*** Exercise input

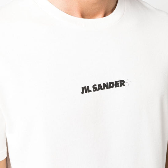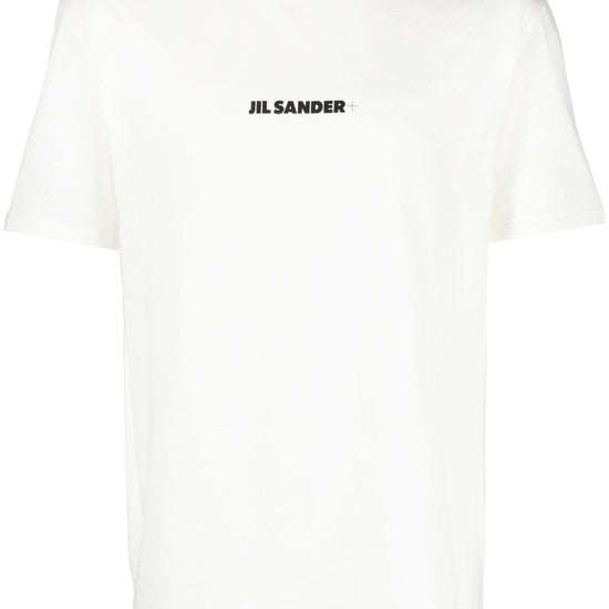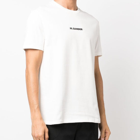 Logo-print cotton t-shirt from jil sander featuring white/black, cotton, logo print to the front, crew neck, short sleeves and straight hem. logo centro logo cotton t-shirt size and fit - this piece fits true to size. we recommend you get your regular size. model is 1,84m / 6ft 1in wearing size m
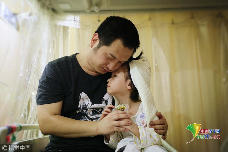 中國青年網(wǎng)北京12月3日電2018年11月17日,在北京博仁醫(yī)院病房內(nèi),4歲的小婭馨披著一條象征著婚紗的毯子坐在床上,爸爸袁東方雙手捧著一束小小的假鮮花單膝跪地向女兒“求婚”,隨后,父女倆緊緊地擁抱在一起,顯得既幸福又傷感。旁邊的小婭馨媽媽抹著眼淚抽泣著說“我女兒未必明白結(jié)婚寓意著什么,但她真的好想健康地活著!她是那么天真無邪,又那么懂事可愛,我們真舍不得丟下她不管,祈求社會上的好心人幫幫我們,救救我心愛的女兒吧!”。
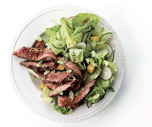 This main course salad has it all: tender greens, crisp radishes, sweet pineapple, beefy steak, and a bright, fresh dressing that packs a bit of heat, too. Look for peeled and cut fresh pineapple in the produce section of your supermarket; it’s a great time-saver.
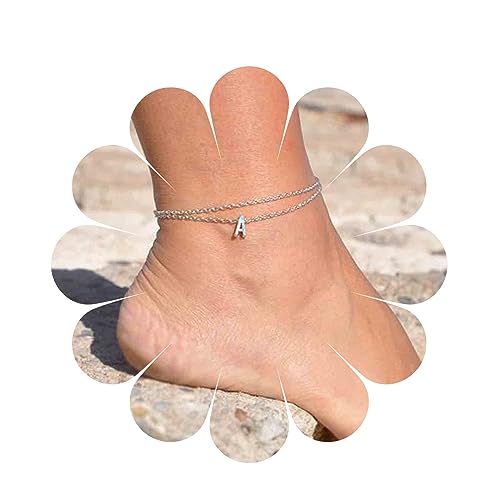 Yheakne Boho Stratificato Cavigliera Argento Lettera Bracciale Cavigliera Iniziale A Cavigliere Personlized Piede Catena Gioielli Per Donne E Ragazze (argento)
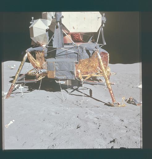 Если и это вам нипочем, все будете настаивать на некой "пневматической подушке", подбрасывающей взлетный модуль - посмотрите вот фото, тут удобный ракурс модуля А15 на "луне": as15-87-11839
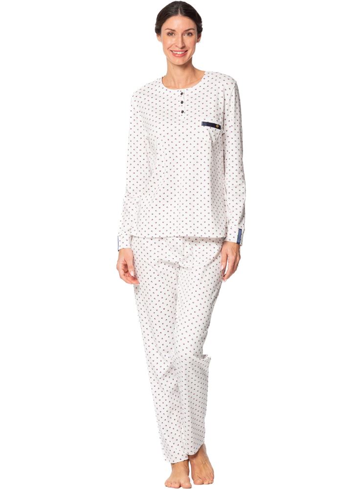 Pijama confeccionado íntegramente en algodón, de manga larga, cuello redondo y pantalón largo.
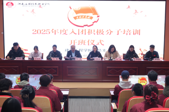 点燃青春火炬,踏上入团新征程。为有效提升入团积极分子的培养教育质量,进一步增强其思想觉悟,增强对团组织的认同感与归属感,培养合格的共青团后备力量,2025年2月24日,永利集团88304官网集团于开封北院D102会议室举行2025年入团积极分子培训班开班仪式。本次会议由永利集团88304官网集团党总支副书记刘亚娟主持,党总支书记张虎、团总支书记王莹、学工办主任史真,辅导员宋雅雯、陈静静、尹宇龙、李希望,以及23、24级全体入团积极分子参与。
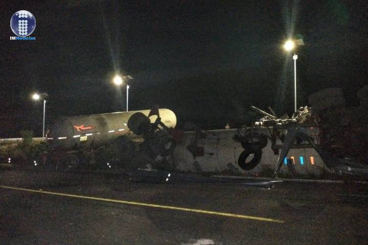 Una pipa de doble remolque, cargada con amoniaco, volcó sobre la autopista Pátzcuaro-Cuitzeo, en...
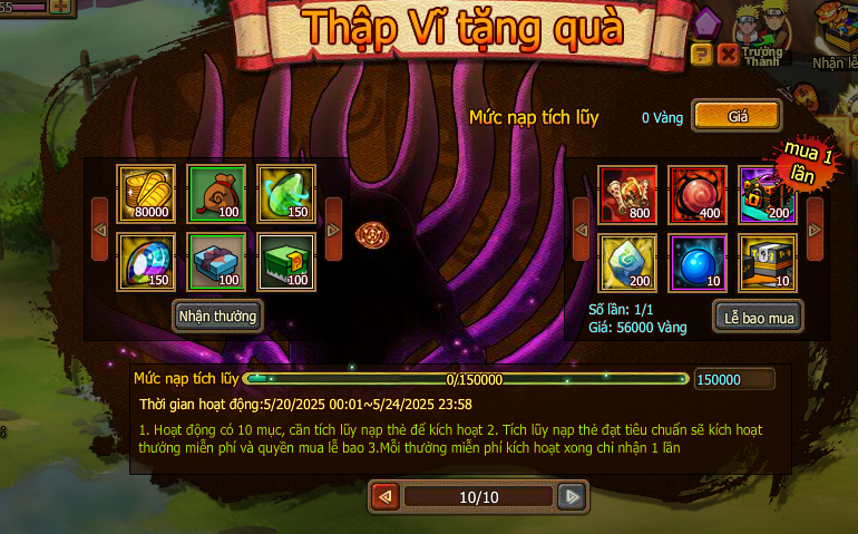 1. Hoạt động có 10 mục, cần tích lũy nạp thẻ để kích hoạt.
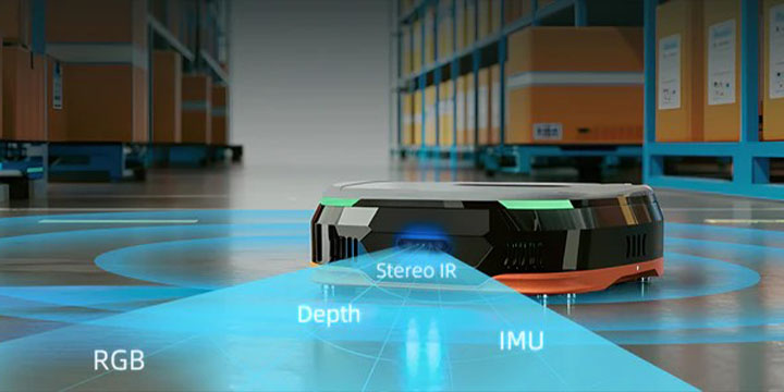 Supports simultaneous execution of diverse tasks such as VSLAM and 3D scene reconstruction. Integrates depth, stereo IR, RGB, and IMU; Outputs high-quality point cloud, texture, color, motion, and timestamp information.
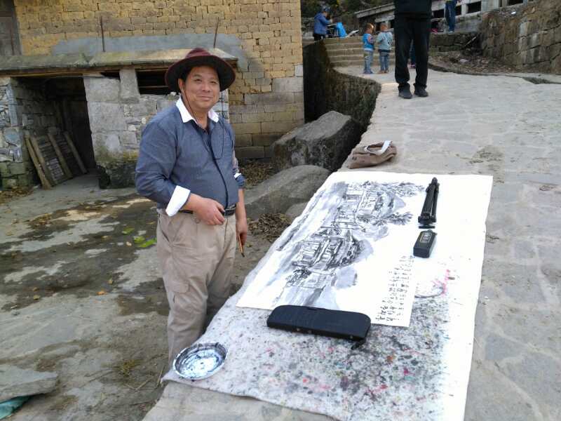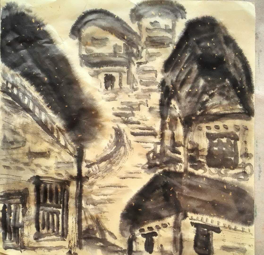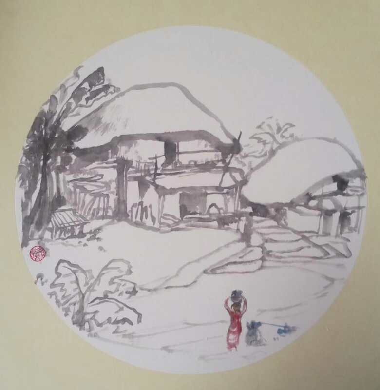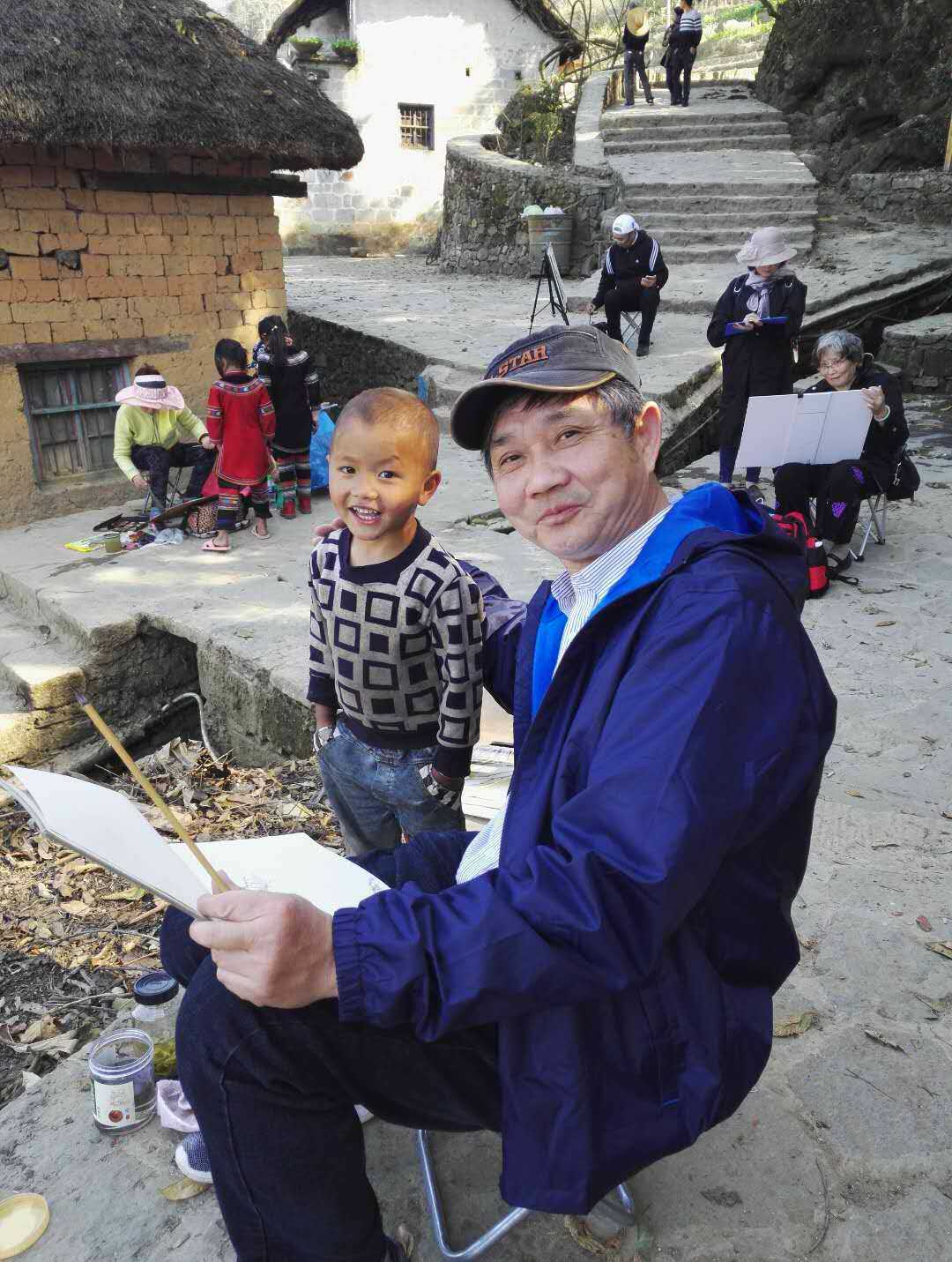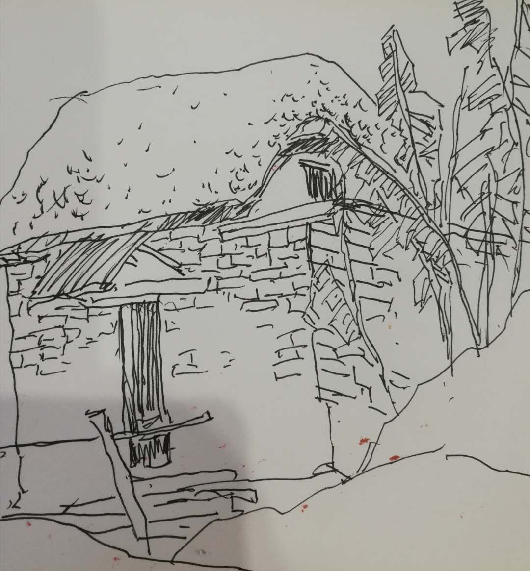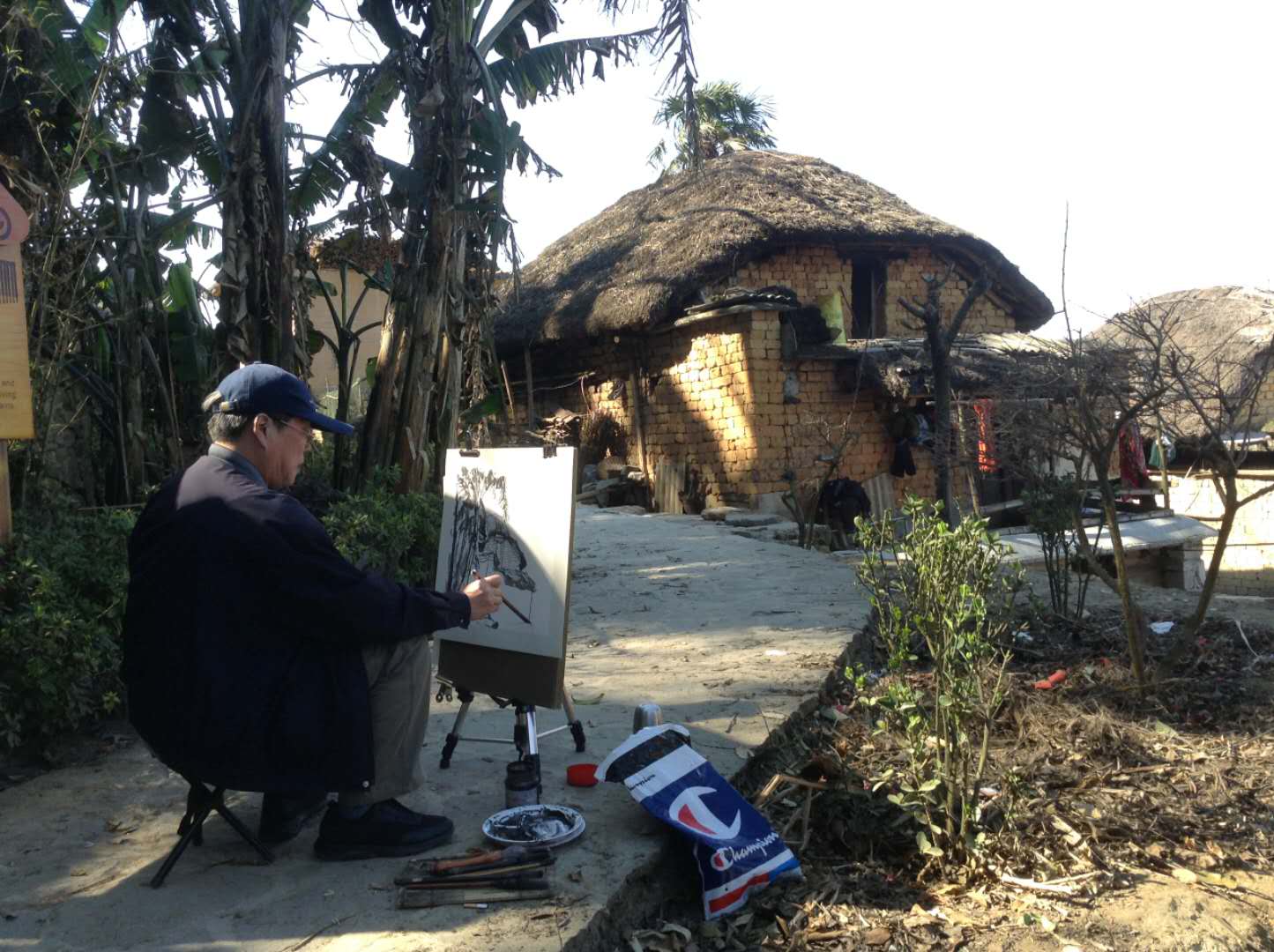 原來準備第二天上午去阿者科村蘑菇房寫生的,由于明天要下雨,時間臨時調整了。決定中午先回賓館吃午飯(按原計劃讓賓館把午飯送到梯田的寫生點),下午兩點出發去蘑菇房寫生,由于旅游旺季交通情況和路況不太熟悉,我們臨時請了當地的導游。盡管已經是下午了,但是路上的車還是非常的多,特別是過多依樹景區車子前行非常艱難,經常停下來等候,但老師們心情還是非常愉快的,還用相機記錄下來沿路的風景。十幾公里的路大巴開了近一個小時,車子停靠在阿者科村進口的大路邊,導游帶著我們沿著小路徒步二十分鐘左右,我們來到村口,當看到芭蕉林、古樹下哈尼族古村落和蘑菇房群時,大家心情有點激動。
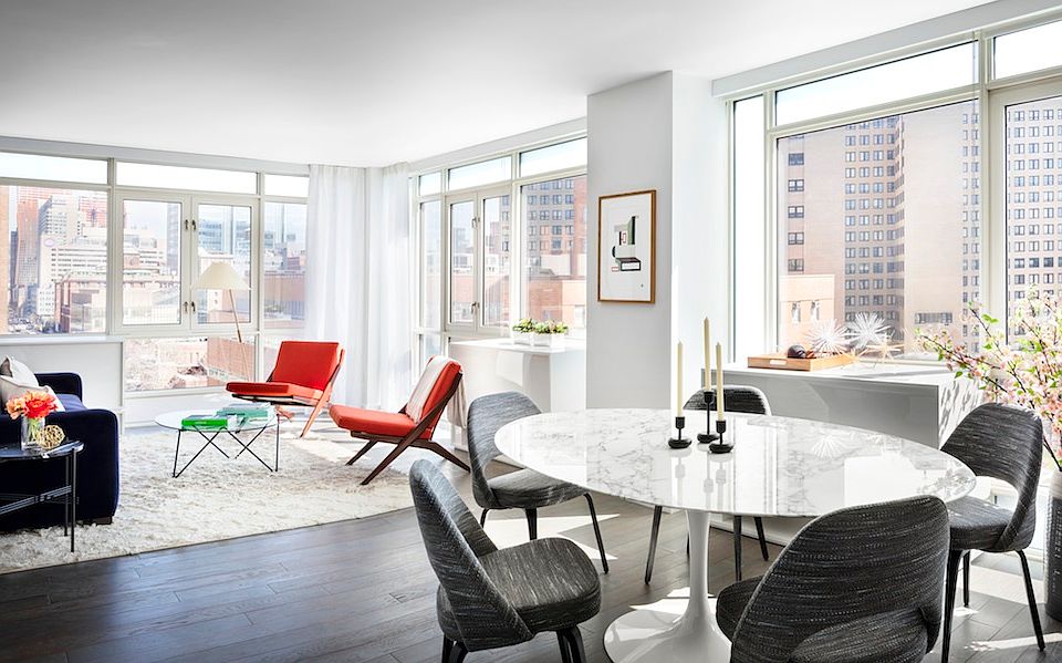 This generous and efficiently designed two bedroom, two bathroom home features northern city views and split bedrooms with outstanding proportions. World-renowned designer Francis DHaene of DApostrophe Design has created light-filled interiors, infused with exquisite fixtures and refined detailing throughout. The entry leads to the kitchen which is appointed with glossy white Italian lacquer cabinetry, honed marble countertops and backsplashes, an integrated Sub-Zero refrigerator and freezer, a Bosch gas cooktop, ventilation hood, as well as a wall oven, microwave, and Bosch dishwasher. On one side of the apartment, the Master bedroom features an en suite bathroom with honed Bardiglio marble on the floor and vanity counter with two sinks, polished Olympic marble walls, polished nickel fixtures by Waterworks, and a Toto toilet. An expansive walk-in closet is a divine attribute of this master suite. At the opposite end of this apartment is a second bedroom with a wall of closets and a full bathroom. Your home at Luminaire also boasts the ultimate luxury: an in-residence washer and vented dryer. Luminaire is a rare opportunity to own a home of equal parts substance and style just moments from Gramercy Park, Madison Square Park and the East Village. In this artfully designed condominium conversion by Francis DHaene, space, light, and location combine to present a brighter kind of Manhattan living. With unique light and views, modern interiors, and a downtown location, Luminaire is at the center of everything you care about. Luminaire offers a full suite of amenities, including a 24-hour doorman, live-in super, private landscaped terrace, resident lounge, fitness center programmed by Jay Wright of the Wright Fit, and a large, landscaped roof terrace with panoramic views. 2017 Occupancy. The artist and computer renderings and interior decorations, finishes, fixtures, appliances and furnishings are provided for illustrative purposes only. Sponsor makes no representation or warranties except as may be set forth in the Offering Plan. All square footages and dimensions are approximate and subject to normal construction variances and tolerances. Computer and artist renderings reflect the planned scale and spirit of the Building. Sponsor makes no representation that future construction in the neighborhood surrounding the Condominium will not result in the obstruction of the views from any windows and/or Terraces. Sponsor reserves the right to make substitutions of material, equipment, fixtures, finishes and appliances in accordance with the terms of the Offering Plan. The complete offering terms are in an offering plan available from the Sponsor. File # CD 140383. Sponsor Name: MF 385 First Ave LLC, 594 Broadway, Suite 1010, New York, NY 10012. Equal Housing Opportunity.

******

What the exercise asks: Print, exactly as written, the lines above from the first one to the one containing "中國青年網(wǎng)北京1". Leave out pictures.

Output of the exercise:
 Logo-print cotton t-shirt from jil sander featuring white/black, cotton, logo print to the front, crew neck, short sleeves and straight hem. logo centro logo cotton t-shirt size and fit - this piece fits true to size. we recommend you get your regular size. model is 1,84m / 6ft 1in wearing size m
 中國青年網(wǎng)北京12月3日電2018年11月17日,在北京博仁醫(yī)院病房內(nèi),4歲的小婭馨披著一條象征著婚紗的毯子坐在床上,爸爸袁東方雙手捧著一束小小的假鮮花單膝跪地向女兒“求婚”,隨后,父女倆緊緊地擁抱在一起,顯得既幸福又傷感。旁邊的小婭馨媽媽抹著眼淚抽泣著說“我女兒未必明白結(jié)婚寓意著什么,但她真的好想健康地活著!她是那么天真無邪,又那么懂事可愛,我們真舍不得丟下她不管,祈求社會上的好心人幫幫我們,救救我心愛的女兒吧!”。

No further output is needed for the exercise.